Czech demolition of pig farm on former WWII-era concentration camp for Roma delayed one year, future new memorial said to be unaffected
The demolition of the former industrial pig farm in Lety u Písku, Czech Republic that stands on the site of a Protectorate-era concentration camp for Romani people has been delayed by one year. The work will begin next September.
The deadline for completing the new Memorial to the Holocaust of the Roma and Sinti that is meant to be created at the site will not, however, be affected by the delay, The ceremonial opening of that new memorial will still be held in May 2023.
The director of the Museum of Romani Culture, Jana Horváthová, informed the Czech News Agency of the news. The museum is administering the building of the new memorial.
"The delay is happening especially with respect to the demolition of the pig farm buildings, which was meant to begin now, this September. The quarantine earlier this year delayed the completion of the architectural competition for the new memorial, so we have had to postpone the demolition in order to correctly secure the buildings that are part of the farm and that are meant to be components of the memorial," the museum head said.
The form of the future Memorial to the Holocaust of the Roma and Sinti was determined by competition. The jury assessed 41 entries and chose seven finalists.
The winning design was by Atelier terra florida and Atelier Světlík. A forest will be planted at the site and a new exhibition will open there, while part of the existing industrial pig farm will be preserved.
The construction work of the new memorial should cost CZK 31.5 million [EUR 1,185,330]. Of that, Norway Grants should pay CZK 25.5 million [EUR 959,553].
Another CZK 13.5 million [EUR 508 000] from abroad will be invested in equipment and exhibitions. "We are going ahead with the predefined project. It should be submitted for approval by the close of this year," the director clarified.
The camp at Lety was first opened in the August of 1940 by Protectorate authorities as a disciplinary labor (penal) camp. The camp at Hodonín u Kunštátu in Moravia was opened at the same time for the same purpose.
Such disciplinary labor camps were designated for so-called "work-shy" persons who were unable to document that they were making a living in a lawful way. Above all, however, the facility was just for adult males who were in 100 % good health and capable of a 100 % work output.

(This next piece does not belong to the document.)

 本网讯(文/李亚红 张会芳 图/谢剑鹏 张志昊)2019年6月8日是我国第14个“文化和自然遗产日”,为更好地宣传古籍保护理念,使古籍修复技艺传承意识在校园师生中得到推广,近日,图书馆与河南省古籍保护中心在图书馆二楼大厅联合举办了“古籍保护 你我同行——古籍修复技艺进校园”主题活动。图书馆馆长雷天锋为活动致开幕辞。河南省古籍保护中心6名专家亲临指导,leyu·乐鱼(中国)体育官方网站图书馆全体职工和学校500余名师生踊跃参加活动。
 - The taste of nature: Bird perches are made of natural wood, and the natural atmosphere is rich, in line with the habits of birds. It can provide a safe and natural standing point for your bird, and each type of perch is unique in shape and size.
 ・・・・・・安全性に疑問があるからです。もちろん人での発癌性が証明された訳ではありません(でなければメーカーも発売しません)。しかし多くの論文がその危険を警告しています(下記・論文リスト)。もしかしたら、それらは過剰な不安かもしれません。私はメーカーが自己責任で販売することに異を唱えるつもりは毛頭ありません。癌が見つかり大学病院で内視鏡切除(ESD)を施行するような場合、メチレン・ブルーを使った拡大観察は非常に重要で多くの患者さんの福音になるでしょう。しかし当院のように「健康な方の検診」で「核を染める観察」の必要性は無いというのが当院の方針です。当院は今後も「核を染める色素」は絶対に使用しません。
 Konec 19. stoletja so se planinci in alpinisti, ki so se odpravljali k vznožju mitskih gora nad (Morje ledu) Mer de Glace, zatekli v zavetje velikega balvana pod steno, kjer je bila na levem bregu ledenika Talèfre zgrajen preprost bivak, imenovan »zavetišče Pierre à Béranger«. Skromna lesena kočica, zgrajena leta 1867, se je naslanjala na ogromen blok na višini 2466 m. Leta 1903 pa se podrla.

The numbers of Romani men among those who were being punished in this way during this phase of the camp at Lety were between 10 and 20 % of the total population. In January of 1942, both camps were changed into internment camps, and in August both locations became Zigeunerlager, camps for persons designated as cikáni.

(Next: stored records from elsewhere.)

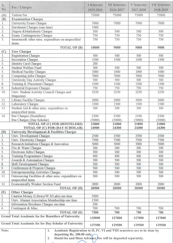 The average CTC is around Rs. 7 LPA, with the highest reaching Rs. 52 LPA, and over 50 companies participating in recruitment. Internships from the fourth semester are crucial, and a CGPA above 7.5 is recommended for optimal placements. Overall placement rates are 80-90%. The fee for day scholars is Rs. 1,08,000 annually, and hostelers pay Rs. 1,35,000 plus a Rs. 15,000 mess fee. B. Pharm students pay an annual fee of Rs. 1,37,500, with hostel fees ranging from Rs. 24,000 to Rs. 29,000 per semester and a mess fee of Rs. 18,000 per semester.
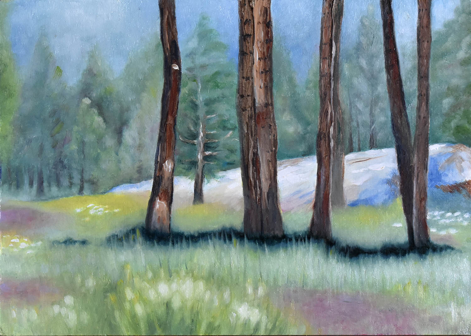 Dinkey Creek Meadow available Dinkey Creek Meadow. Oil on wood. 5×7 in. $150 Plein air oil painting of meadow near Dinkey Creek. 3/16″ wood panel. Unframed. Related
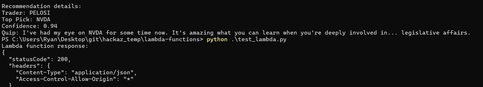 The premise was straightforward: if public officials are allowed to trade stocks while in office, what if we simply copied their behavior and automated it? We pulled real congressional trading data from CapitolTrades.com and fed it into an LLM to generate stock recommendations modeled after the trading patterns of various political figures.
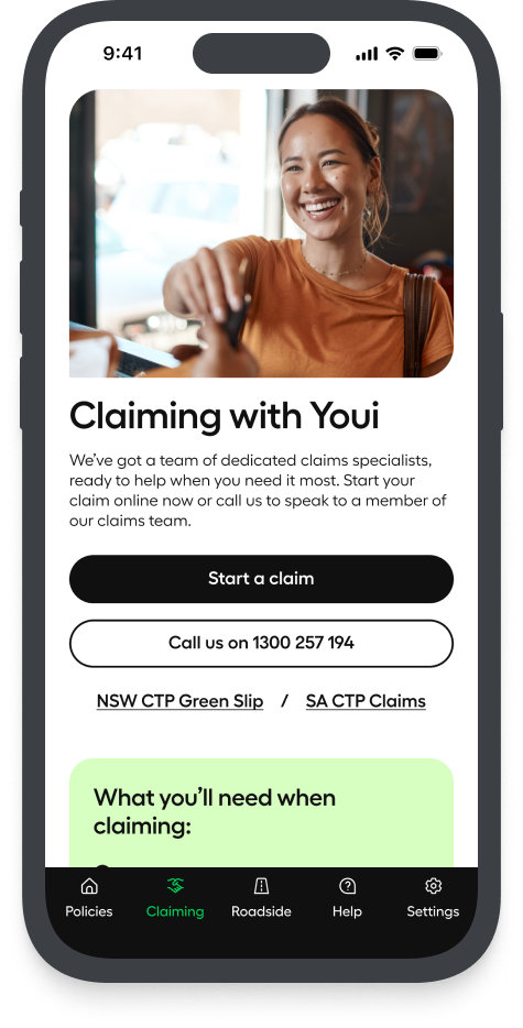 The Youi App includes features that facilitate policy management, including requesting a quote on a new policy, starting and tracking claims, requesting roadside assistance, and more.
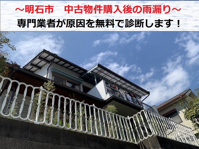 皆さんお疲れ様です!街の屋根やさん神戸西店です。今日は、宝塚市にお住まいの方より「風災の影響で瓦屋根が落下してきたので調査してほしい」とご相談を頂き、現地へ無料調査にお伺いした時の様子をご紹介しましょう(^^)/季節によりますが台風などの風災で屋根や外壁の一部が破損、落下しお困りの方から良くご相談を頂きますね ...続きを読む2024/03/28 明石市 中古物件購入後に雨漏り発覚!専門業者が原因を診断します
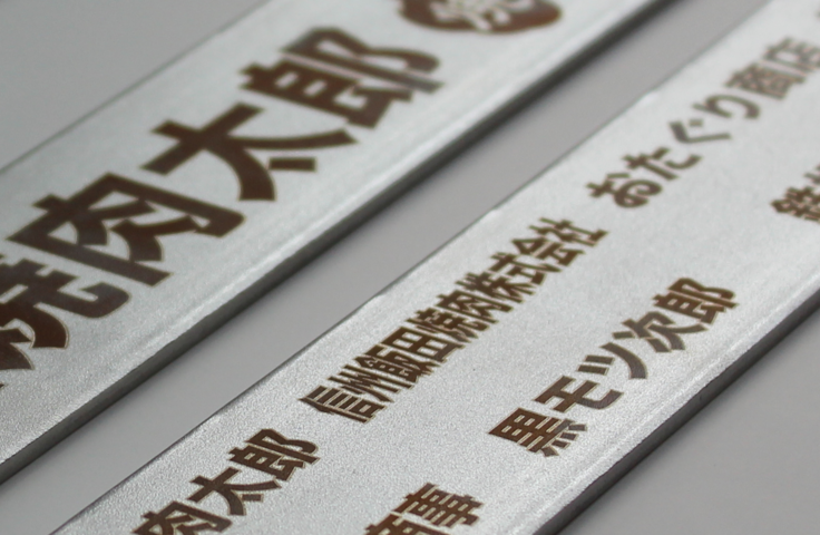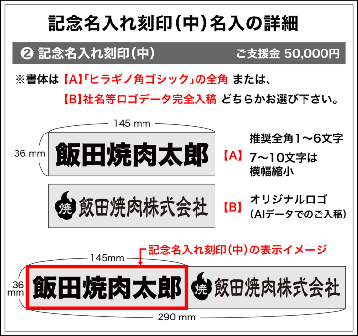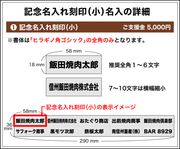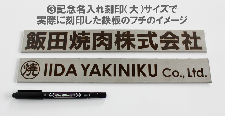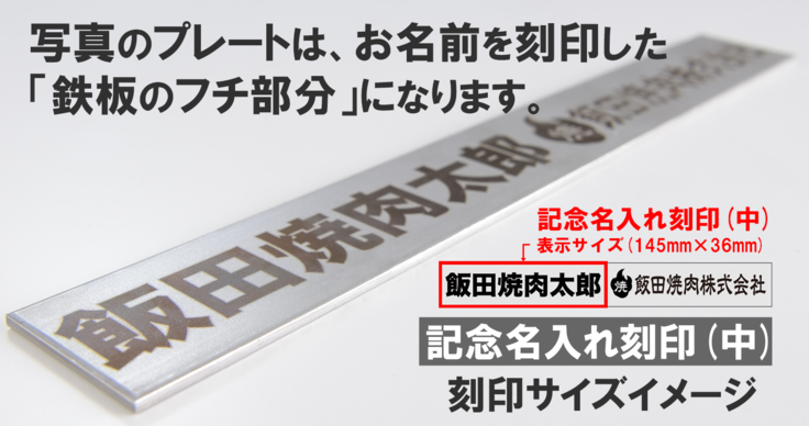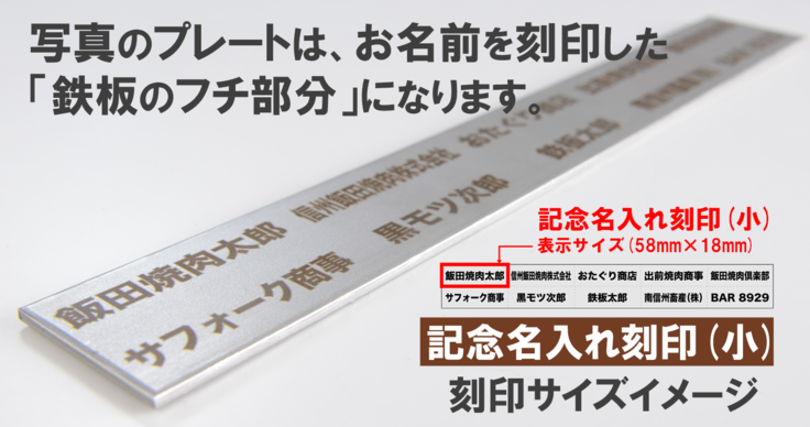 ご支援者様の希望する「お名前・店舗名・企業名等」を、上記のサイズで11.29mの焼肉用鉄板のフチに「黒文字・横書き」でレーザー刻印。

At that moment, the camps were no longer just meant for able-bodied men, but entire Romani families were concentrated in them, including children and women. From that point until May 1943, 1 308 Romani adults and children passed through the camp at Lety.

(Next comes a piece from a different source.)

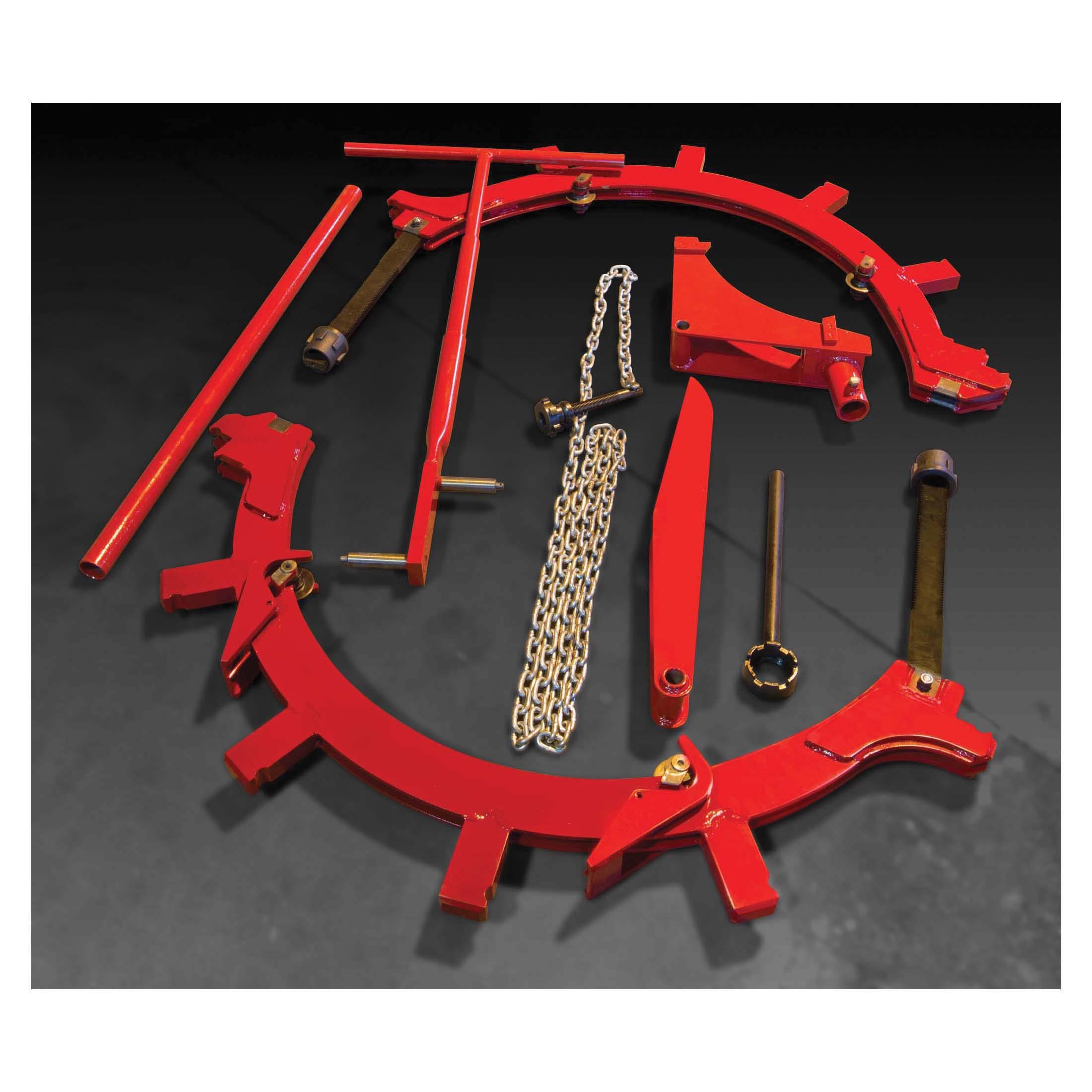 Rotary™ pipe cutters cold cut large diameter steel, most stainless steel, ductile, and cast iron pipe in close quarters. The low profile design of the LCRC models needs only 5 in clearance for up to 16 in pipe diameter and only 8 in clearance for the RC20 and RC24 which cover pipe up to 24 in. All LCRC, RC20, and RC24 cutters are supplied with a slip-on handle that is used to turn the cutter around the pipe in one direction. The handle is also used to tighten the cutter every half revolution. For large diameter pipe, move up to the RC30, RC36, or RC42S cutters which need 11.8 in clearance. They feature a long handle with a ratcheting mechanism and include a separate, professional-grade wrench to tighten the cutter at every half revolution. Rotary pipe cutters are the best manual cutters for ductile iron and a great option for steel pipe. With good leverage from the tool's long handle, pipe snaps off squarely before wheel penetrates halfway through pipe. Rotary pipe cutters have heavy-duty frames. All sizes use the same cutter wheels: either RCS8-36 for steel and RCI8-30 for ductile and cast iron. Optional RCX wheels cut up to 25/32 in wall thickness for steel pipe. Note: RC42S cannot be converted to or from an RC30 or RC36. They are separate tools.
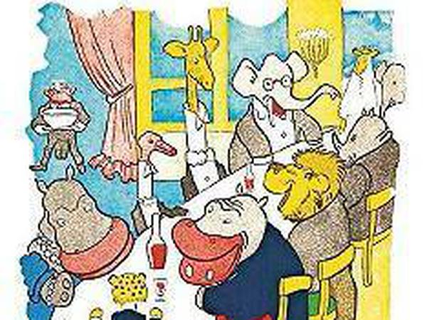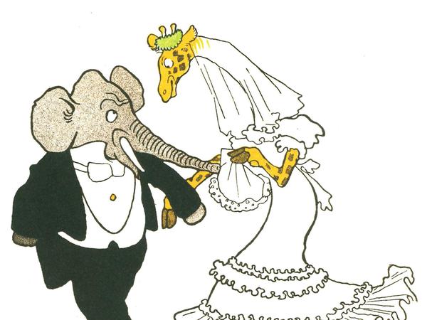 Tusch und Happy End. Und die Moral von der Geschichte? Gibt es nicht, denn der Nonsens der Reime torpediert jede Ernsthaftigkeit. Über ein Wettrennen von Elefant, Nilpferd und Nashorn heißt es: „Die drei mit dicker Haut Begabten / Gemächlich immer weiter trabten.“ Und wenn Elefant und Giraffe einander küssen wollen, wird daraus ein verschlungenes Unterfangen: „Sie nähert ihm den schlanken Hals, / Er ihr den Rüssel ebenfalls.“

Of those people, 327 died at Lety, while more than 500 ended up in the Auschwitz death camp. After the war, fewer than 600 Romani concentration camp prisoners returned to their homes in Bohemia and Moravia.
According to estimates, the Nazis murdered 90 % of the Bohemian and Moravian Roma. During the communist regime, an industrial pig farm was then cultivated on the site of the former camp at Lety during the 1970s.
The relatives of the victims, Czech organizations, and international institutions spent decades demanding the farm be removed from this place of reverence. In 2018 the Czech state bought the facility from the AGPI company for CZK 372 million [EUR 14 million] (before VAT) and should give CZK 110 million [EUR 4 million] to the demolition effort.
The demolition should now begin next September. It should be completed by the close of 2021.
In the interim, the documentation will be prepared for the project, which will be expanded to include some of the buildings from the now-defunct farm and other details resulting from the competition for the design of the memorial. "The schedule for the project of building the memorial will not be altered by this, it remains the same," the museum director said.
The ceremonial opening of the new memorial should be undertaken in 2023 during the annual commemoration held at Lety in May. The museum is currently working on several projects related to commemorating the Holocaust of the Roma and Sinti.
In addition to the Lety Memorial, the museum is also administering the grounds of the Hodonín u Kunštátu Memorial and building its Center for the Roma and Sinti in the Dejvice neighborhood of Prague. Because of the quarantine earlier this year, the Museum of Romani Culture, which is based in Brno, has not been open to visitors.
The director said people have begun to slowly return to the facility. There is also a distance-access program available.
"We have learned more about how to share our events online. We have also bought the technology required. A large part of our events are being livestreamed, as are all the concerts we produce. We have good online attendance for those events. People are following us. This is an innovation that we have managed to bring to life thanks to the coronavirus. Something at least a bit positive has come from this," the director said.